Suchi Bansal - 2019 Winner
Position: Senior Researcher
Organization: Ci3 at the University of Chicago
Current Location: United States, North America
Master's of Public Health from Mailman School of Public Health, Columbia University
Additional Degrees and Certifications:
Bachelor's in Economics and International Relations
Awards Received:
  • Award:
    Richter Memorial Scholarship
    Awarding Organization:
    Knox College
    Date Awarded:
    August 1, 1998
75 Public Votes Reached!
Suchi’s research on the impact of storytelling, games, and human-centered design is redefining the way in which researchers partner with youth to design, test, and implement international sexual and reproductive health interventions. – Melissa Gilliam, MD, MPH, Founder and Faculty Director at Ci3 at the University of Chicago
Describe your contributions to and achievements in family planning.

I lead the Kissa Kahani intervention at Ci3 that uses innovative methods like games, graphic novels, digital storytelling, and human-centered design to improve the sexual and reproductive health of youth in India. My ability to build trust among Indian youth resulted in the creation of 29 digital stories that ultimately shaped Kissa Kahani’s unique approach and content. I cultivated meaningful international partnerships that enabled the development of a cutting-edge transmedia program to meet the needs that local youth themselves expressed in their stories. And, my research leadership is helping build the evidence base around the impact of stories and storytelling on youth sexual and reproductive health knowledge and behaviors, and increasing meaningful youth participation.

What sparked your passion for family planning?

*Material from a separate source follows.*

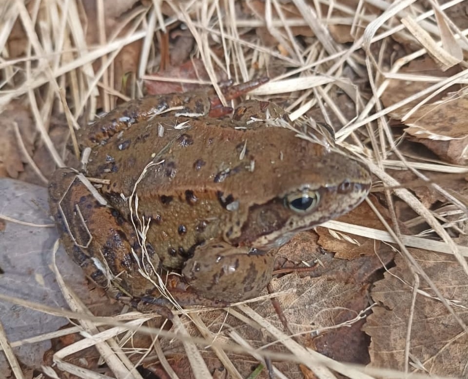 В Мурманской области «оттаяли» лягушки, то есть вышли из зимнего анабиоза. Такая земноводная «царевна» встретилась старшему инспектору Великоостровской инспекции нашего заповедника Александру Зятикову, который и запечатлел ее.

Growing up in India, I was confronted early on with the realities of not being able to exercise one’s sexual and reproductive rights. My friends and family members were afraid to disclose their sexual identity and many of them suffered from the lack of youth-friendly abortion services. Later on, I learned how young people in other countries are forced to lead similar lives. I have always been inspired by these experiences and by the belief that all people should have equal rights.

Give one or two examples of how you display leadership in your family planning work.:

My ability to seamlessly develop, test, and implement creative programs while navigating both the Indian and U.S. context has allowed the Kissa Kahani study to flourish. My efforts to directly involve youth in the study’s research activities through games and storytelling, and my leadership in incorporating their input into our evidence-based intervention is changing the way young people learn about sexual and reproductive health and family planning.

If you are named a winner of 120 under 40, how will you use this new platform and the $1000 grant to advance your work? :

I would like to build an online platform that connects young researchers to foster greater learning and information sharing on family planning and sexual and reproductive health topics.